No quase centenário Gellert Hotel, local de um venerável spa na margem oeste do Danúbio, um mergulho em um banho de vapor fumegante faz um bom começo para absorver o espírito de Budapeste, a sedutora capital da Hungria. O cavernoso spa Art Nouveau de Gellert abriu suas portas em 1918, ano em que a Hungria se tornou uma nação independente, depois que o Império Austro-Húngaro foi dissolvido na época da Primeira Guerra Mundial. Os banhos sulfurosos alimentados por nascentes sob tetos abobadados remontam a uma antiga tradição: os romanos foram atraídos pela primeira vez a essa planície da Europa Central por volta do ano 50 dC pela perspectiva de águas curativas. Eles também sugerem o passado multifacetado da cidade. Azulejos turquesas e colunas esculpidas evocam a ocupação turca otomana (1541-1686), e os querubins de estilo barroco nas paredes são uma saudação ao domínio dos Habsburgos austríacos (1686-1918).

Húngaro, a língua falada pelos meus colegas banhistas - executivos de empresas, políticos e pensionistas - está enraizada em uma linhagem lingüística introduzida por volta de 900 dC por nômades magiares da Sibéria ocidental. Compartilha semelhanças apenas com o finlandês e o estoniano e funciona há muito tempo como um baluarte contra a dominação estrangeira. "Foi muito importante manter nossa identidade nacional", diz Andras Gero, o proeminente historiador de Budapeste. "Turcos, austríacos, alemães e, mais recentemente, russos nunca conseguiram aprender húngaro".

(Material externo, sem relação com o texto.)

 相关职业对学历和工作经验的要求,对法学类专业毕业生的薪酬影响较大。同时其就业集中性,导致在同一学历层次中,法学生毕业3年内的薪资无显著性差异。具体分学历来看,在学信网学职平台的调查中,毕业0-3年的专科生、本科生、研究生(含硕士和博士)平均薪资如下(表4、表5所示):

Desde o Palácio Real, iniciado em 1200 e mais tarde reconstruído em estilos que vão do medieval ao barroco, à Grande Sinagoga cúpula de cebola de 1859 no antigo bairro judeu no coração da cidade ao Parlamento neo-gótico de 1905, a arquitetura eclética de Budapeste e ruas estreitas e sinuosas podem lembrar a Velha Europa. Mas o dinamismo é definitivamente a Nova Europa. Desde a queda do comunismo em 1989, o ritmo de mudança em ambos os lados do Danúbio - Buda a oeste e Peste a leste - tem sido extraordinário. A cidade de dois milhões é agora rica em riscos e democracia, e as figuras mais proeminentes da política, dos negócios e das artes parecem ser uniformemente jovens, ambiciosas e impacientes.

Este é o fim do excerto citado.